• [Task requirements] Give the listing again, word for word, and let no picture into it.

• [Given information]
====================
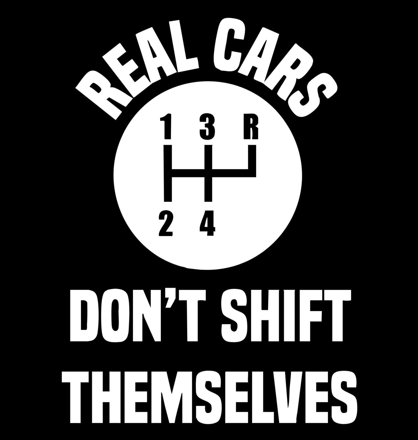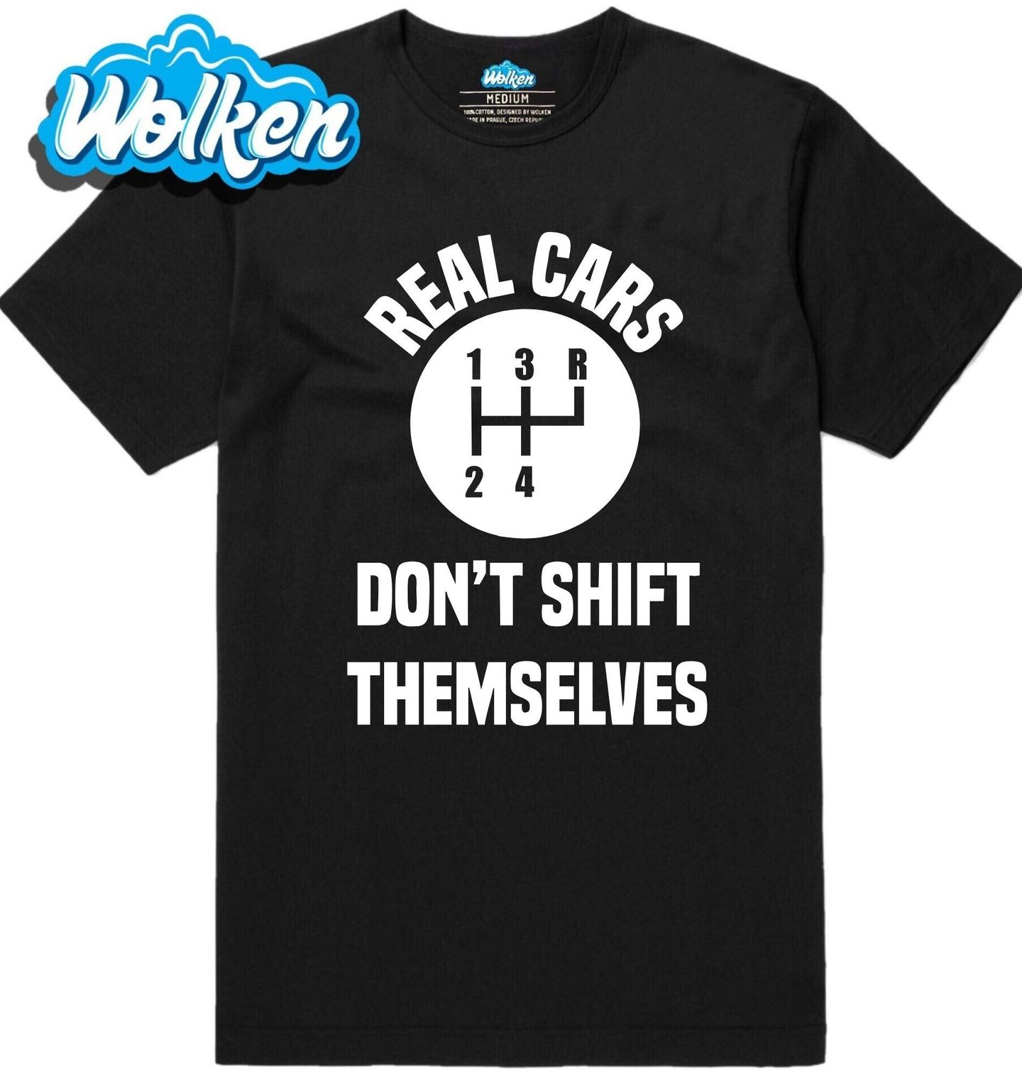 Pánské tričko Skutečná Auta Neřadí Sama. Motiv pro všechny pravé milovníky řízení, kteří vědí, že auto má řidič ovládat – ne naopak. Na designu je schéma klasické manuální převodovky a nápis: „Real cars don’t shift themselves“ (v překladu: „Skutečná auta sama neřadí.“)
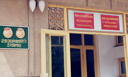 この写真はちょっと解説が要るでしょう。建物入り口の上にある赤看板は、この建物に金日成がやってきたことを示す看板(左)と、金正日がやってきたことを示す看板(右)です。左側にある、緑地の上にメダルのようなものがデザインされている看板は、ここの建物の中の団体が、ニ度“三大革命運動《注2》”で表彰の栄誉に輝いたことを表わしています。
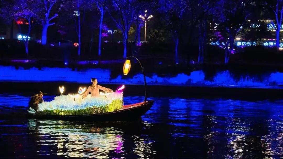 在这里还能感受《夜画琅琊》行进式游船演艺,以涑河水岸夜景为画布,以临沂历史文化为内涵,用激光水幕、视觉特效、歌舞表演、游船伴游、科技化秀场等表现形式,为大家呈现“人在船中坐、船在画中游”水中的场景,打造了全国首部魏晋文化主题行进式夜游实景演出。
====================
• [Problem solution]
 Pánské tričko Skutečná Auta Neřadí Sama. Motiv pro všechny pravé milovníky řízení, kteří vědí, že auto má řidič ovládat – ne naopak. Na designu je schéma klasické manuální převodovky a nápis: „Real cars don’t shift themselves“ (v překladu: „Skutečná auta sama neřadí.“)
 この写真はちょっと解説が要るでしょう。建物入り口の上にある赤看板は、この建物に金日成がやってきたことを示す看板(左)と、金正日がやってきたことを示す看板(右)です。左側にある、緑地の上にメダルのようなものがデザインされている看板は、ここの建物の中の団体が、ニ度“三大革命運動《注2》”で表彰の栄誉に輝いたことを表わしています。
 在这里还能感受《夜画琅琊》行进式游船演艺,以涑河水岸夜景为画布,以临沂历史文化为内涵,用激光水幕、视觉特效、歌舞表演、游船伴游、科技化秀场等表现形式,为大家呈现“人在船中坐、船在画中游”水中的场景,打造了全国首部魏晋文化主题行进式夜游实景演出。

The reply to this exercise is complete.